10.3 Dell and Customer agree that Dell will not be liable for Products not being available for use, or for data or software which is lost, corrupted, deleted or altered. Dell shall not be liable to the Customer for any incidental, indirect, special or consequential damages arising out of or in connection with the purchase, use or performance of products or services, even if Dell has been advised of their possibility.
10.4 Any service response times stated by Dell in the service contracts are approximate only and Dell shall not be liable for any direct or indirect loss or damage arising from its failure to meet such response times, howsoever occasioned.
10.5 Any typographical, clerical or other error or omission in sales literature, quotation, price list, acceptance of offer, invoice or other documents or information issued by Dell shall be subject to correction without any liability on the part of Dell.
11. FORCE MAJEURE
Neither party shall be liable for any delay in performing any of its obligations under these Terms and Conditions if such delay is caused by circumstances beyond the reasonable control of the party so delaying, and such party shall be entitled to a reasonable extension of time for the performance of such obligations.
12. EXPORT RESTRICTIONS
The Customer acknowledges that the Products licensed or sold hereunder, which may include technology and software, are not only subject to the export control laws and regulations of the United States ("U.S.") but may also be subject to the export control laws and regulations of the country in which the Products are received. The Customer agrees to abide by all applicable export control laws and regulations. Under such laws and regulations, the Products purchased may not be sold, leased or otherwise transferred to restricted end-users or to restricted countries. In addition, the Products may not be sold, leased or otherwise transferred to, or utilized by, an end-user engaged in activities related to weapons of mass destruction, including but not necessarily limited to, activities related to the design, development, production or use of nuclear materials, nuclear facilities, or nuclear weapons, missiles or support o missile projects, or chemical or biological weapons. The Customer understands that applicable requirements or restrictions may vary depending on the Products delivered and may change over time and that, to determine the precise controls applicable to the Products acquired, it may be necessary to refer to relevant laws and regulations.
13. GOVERNING LAW
13.1 These Terms and Conditions shall be governed by and construed in accordance with the laws of Singapore and shall be subject to the non-exclusive jurisdiction of the courts of Singapore.

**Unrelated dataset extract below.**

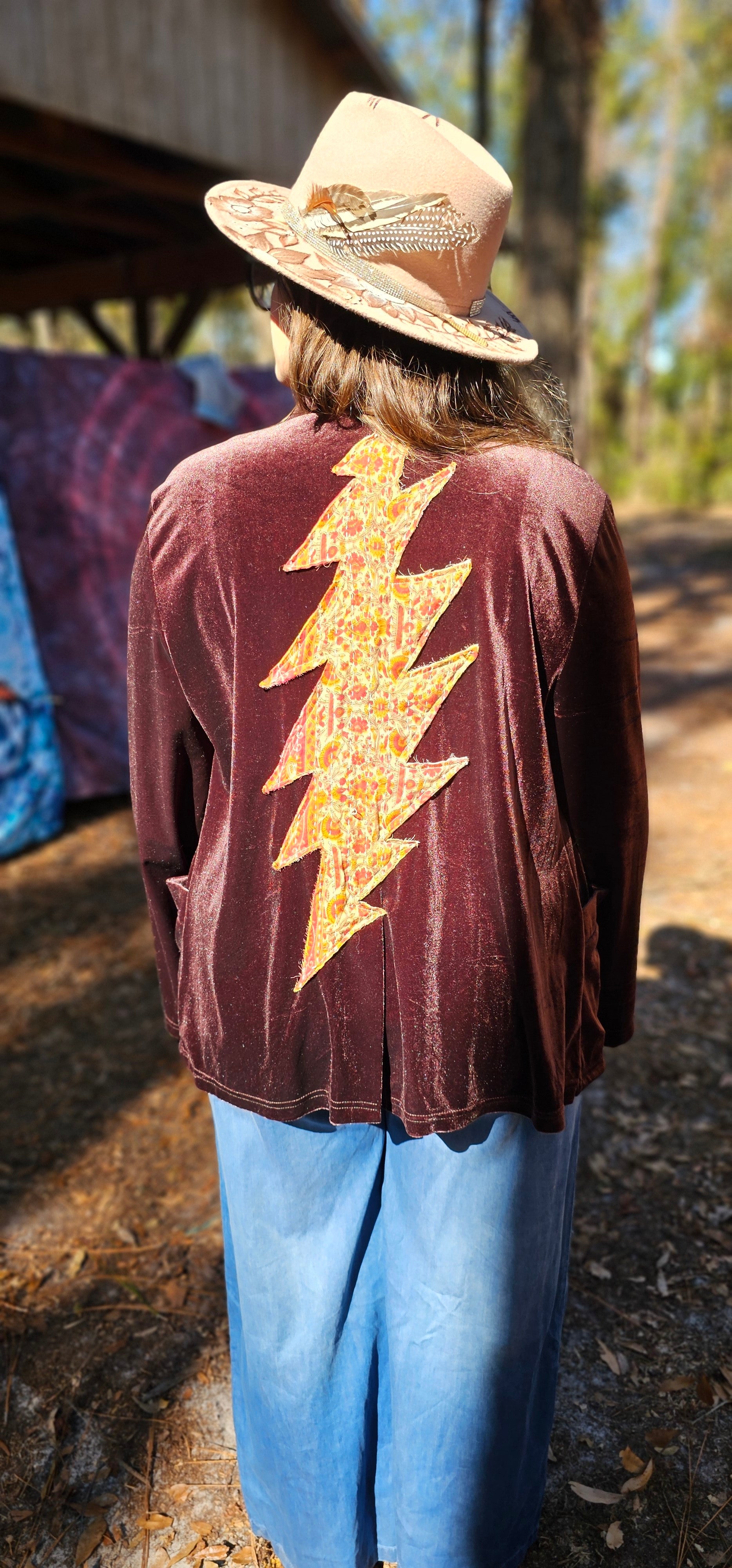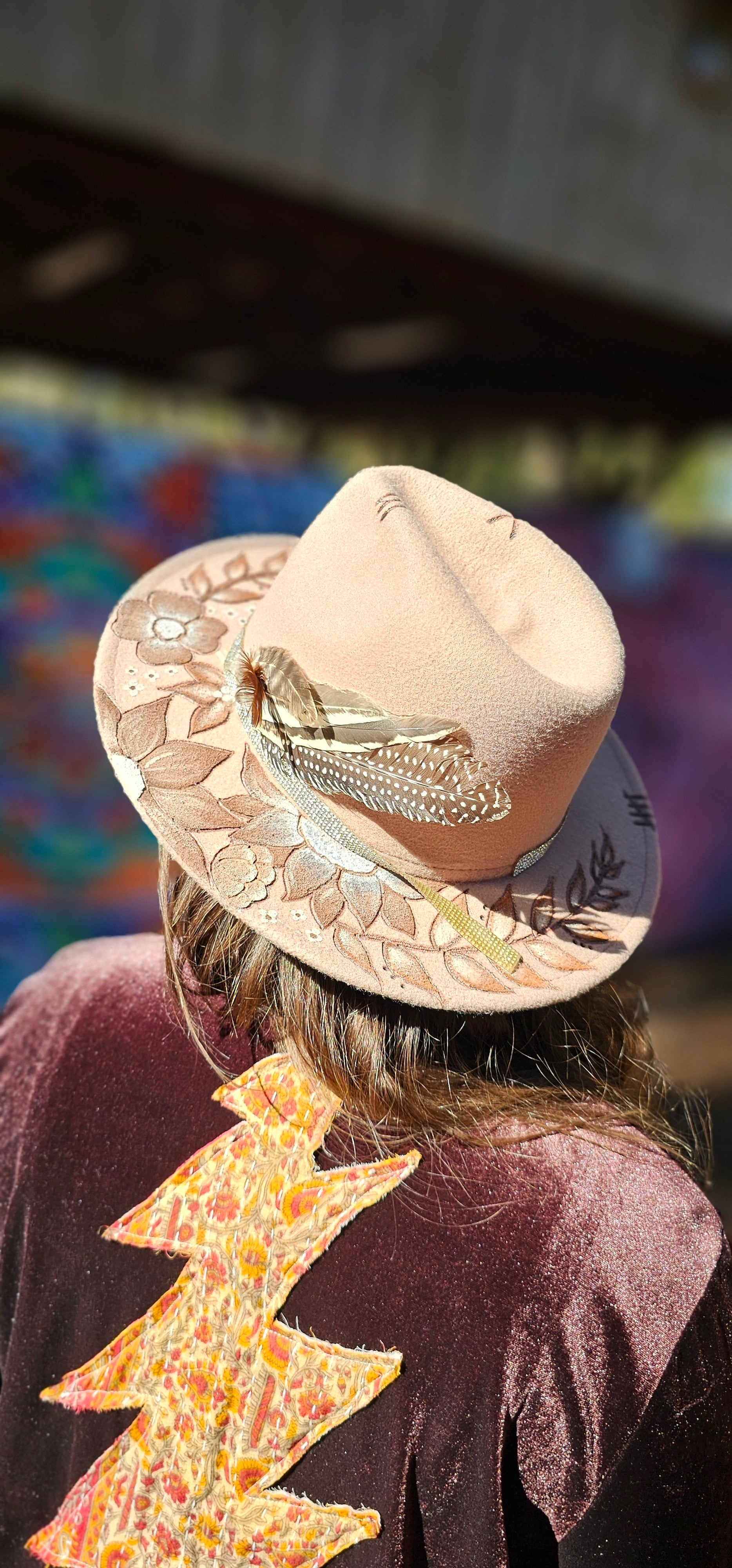 This amazing little statement piece is a felt hat, burnt and painted with flowers.

14.1 The Customer shall not be assign or otherwise transfer any Contracts or any of its rights and obligations hereunder whether in whole or in part without the prior written consent of Dell. Any such unauthorized assignment shall be deemed null and void.
14.2 If any provision of these Terms and Conditions is held by any competent authority to be invalid or unenforceable in whole or in part, the validity of the other provisions of these Terms and Conditions and the remainder of the provisions in question shall not be affected thereby.